- **RECORDS TO PROCESS**
== Segment start ==

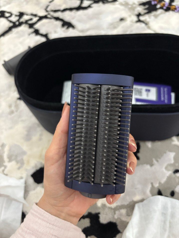 Yoğun kıllara sahip koyu mavi saç şekillendirici fırça, saçları kolayca şekillendirir. Kompakt ve ergonomik tasarım sunar.
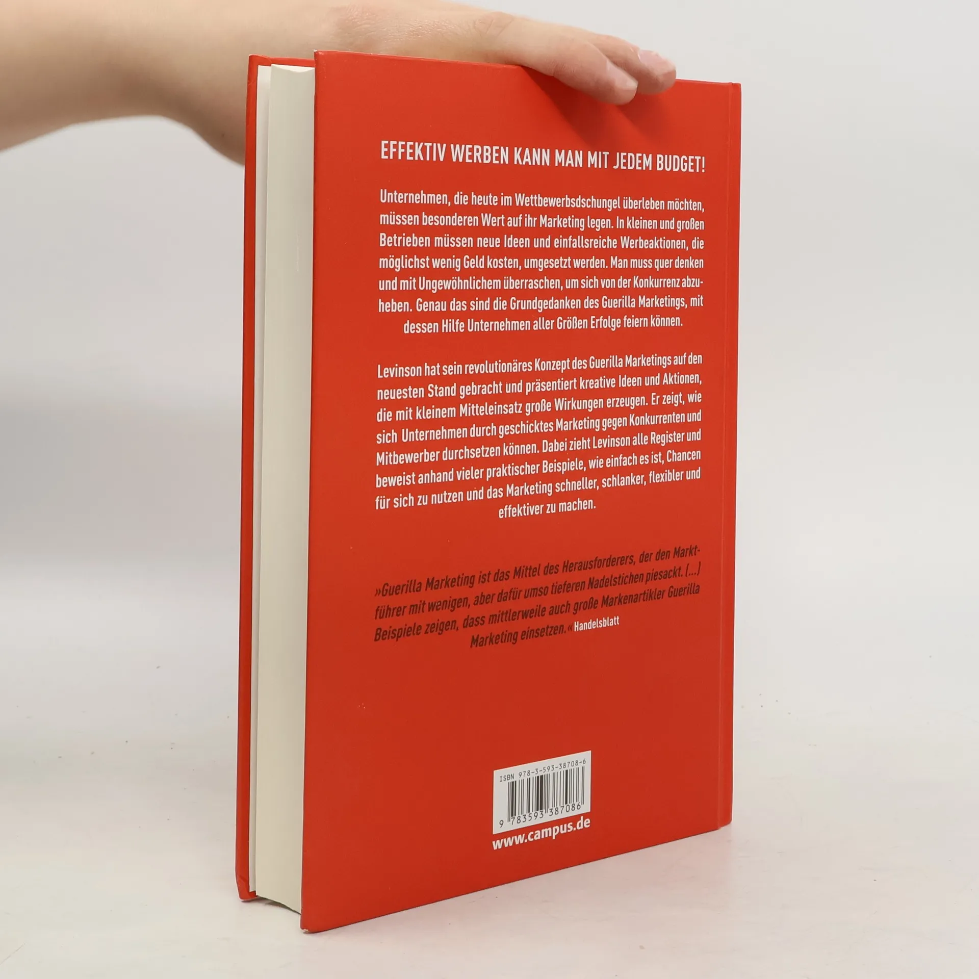 Quer denken und mit Ungewöhnlichem überraschen – das ist Guerilla Marketing, mit dessen Hilfe große wie kleine Unternehmen seit über 20 Jahren Erfolge feiern. Levinson überträgt sein revolutionäres Konzept auf die heutige Zeit und präsen- tiert jetzt noch mehr Ideen und Aktionen, die mit kleinem Mitteleinsatz große Wirkungen erzeugen. Dabei zieht Levinson alle Register und beweist anhand vieler praktischer Beispiele, wie einfach es ist, Chancen für sich zu nutzen. So wird das Marketing schneller, schlanker, flexibler und effektiver. Potenziale und Marktnischen können erkannt und besetzt werden. Für eine erfolgreiche Zukunft als Guerillero.
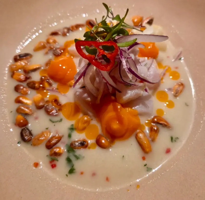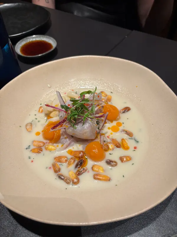 가장 먼저 눈에 들어온 것은 세비체였다. 싱그러운 초록색 허브와 붉은 고추, 자주색 양파가 흰 살 생선 위에 흩뿌려져 시각적인 아름다움을 뽐냈다. 뽀얀 우유 빛깔의 소스는 부드러움을 더하고, 톡톡 터지는 옥수수는 식감을 자극했다. 한 입 맛보니 신선한 해산물의 풍미와 상큼한 소스가 어우러져 입안 가득 퍼져 나갔다.
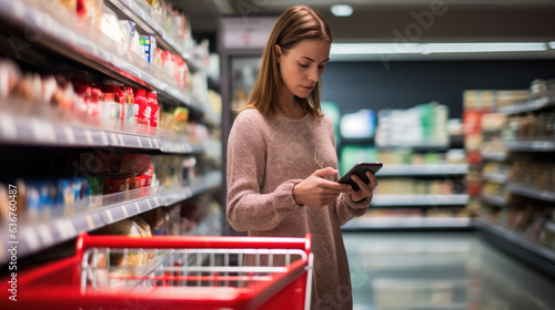 grocery, food, store, female, woman, client, consumer, shop, supermarket, market, young, purchase, mobile, mall, retail, phone, smartphone, adult, lifestyle, buy, fresh, people, technology, cart, product, streetcar, shopper, shopping, hypermarket, mobile phone, cyberspace, consumerism, online, discount, app, using, interior, indoor, mobile phone, buying, beautiful, person, buyer
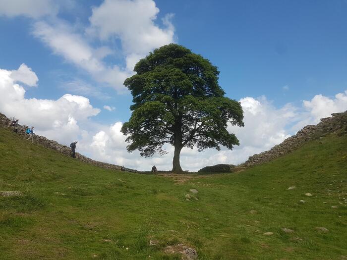 Подросток 16-ти лет спилил знаменитый английский символ "Дерево Робин Гуда". На самом деле этот платан не рос во времена легендарного Робин Гуда. Зато здесь снимался фильм с Кевином Кёстнером. И просто это красивое место вдоль стены Адриана.
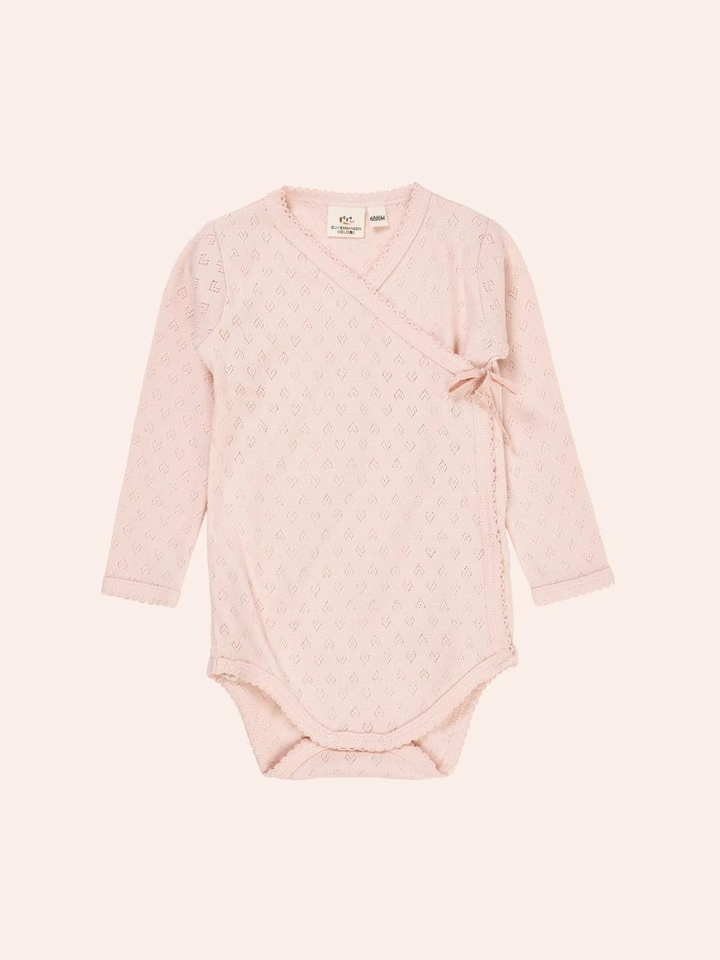 Wrap your baby in softness and comfort with the Pointelle Cross-Over Bodystocking from Copenhagen Colors.

== Segment end ==

- **EXERCISE PROMPT**
Retype the lines exactly as they appear, beginning with the line that contains "Quer denken und" and ending with the final line of the entries, and omit the pictures.

- **EXERCISE ANSWER**
 Quer denken und mit Ungewöhnlichem überraschen – das ist Guerilla Marketing, mit dessen Hilfe große wie kleine Unternehmen seit über 20 Jahren Erfolge feiern. Levinson überträgt sein revolutionäres Konzept auf die heutige Zeit und präsen- tiert jetzt noch mehr Ideen und Aktionen, die mit kleinem Mitteleinsatz große Wirkungen erzeugen. Dabei zieht Levinson alle Register und beweist anhand vieler praktischer Beispiele, wie einfach es ist, Chancen für sich zu nutzen. So wird das Marketing schneller, schlanker, flexibler und effektiver. Potenziale und Marktnischen können erkannt und besetzt werden. Für eine erfolgreiche Zukunft als Guerillero.
 가장 먼저 눈에 들어온 것은 세비체였다. 싱그러운 초록색 허브와 붉은 고추, 자주색 양파가 흰 살 생선 위에 흩뿌려져 시각적인 아름다움을 뽐냈다. 뽀얀 우유 빛깔의 소스는 부드러움을 더하고, 톡톡 터지는 옥수수는 식감을 자극했다. 한 입 맛보니 신선한 해산물의 풍미와 상큼한 소스가 어우러져 입안 가득 퍼져 나갔다.
 grocery, food, store, female, woman, client, consumer, shop, supermarket, market, young, purchase, mobile, mall, retail, phone, smartphone, adult, lifestyle, buy, fresh, people, technology, cart, product, streetcar, shopper, shopping, hypermarket, mobile phone, cyberspace, consumerism, online, discount, app, using, interior, indoor, mobile phone, buying, beautiful, person, buyer
 Подросток 16-ти лет спилил знаменитый английский символ "Дерево Робин Гуда". На самом деле этот платан не рос во времена легендарного Робин Гуда. Зато здесь снимался фильм с Кевином Кёстнером. И просто это красивое место вдоль стены Адриана.
 Wrap your baby in softness and comfort with the Pointelle Cross-Over Bodystocking from Copenhagen Colors.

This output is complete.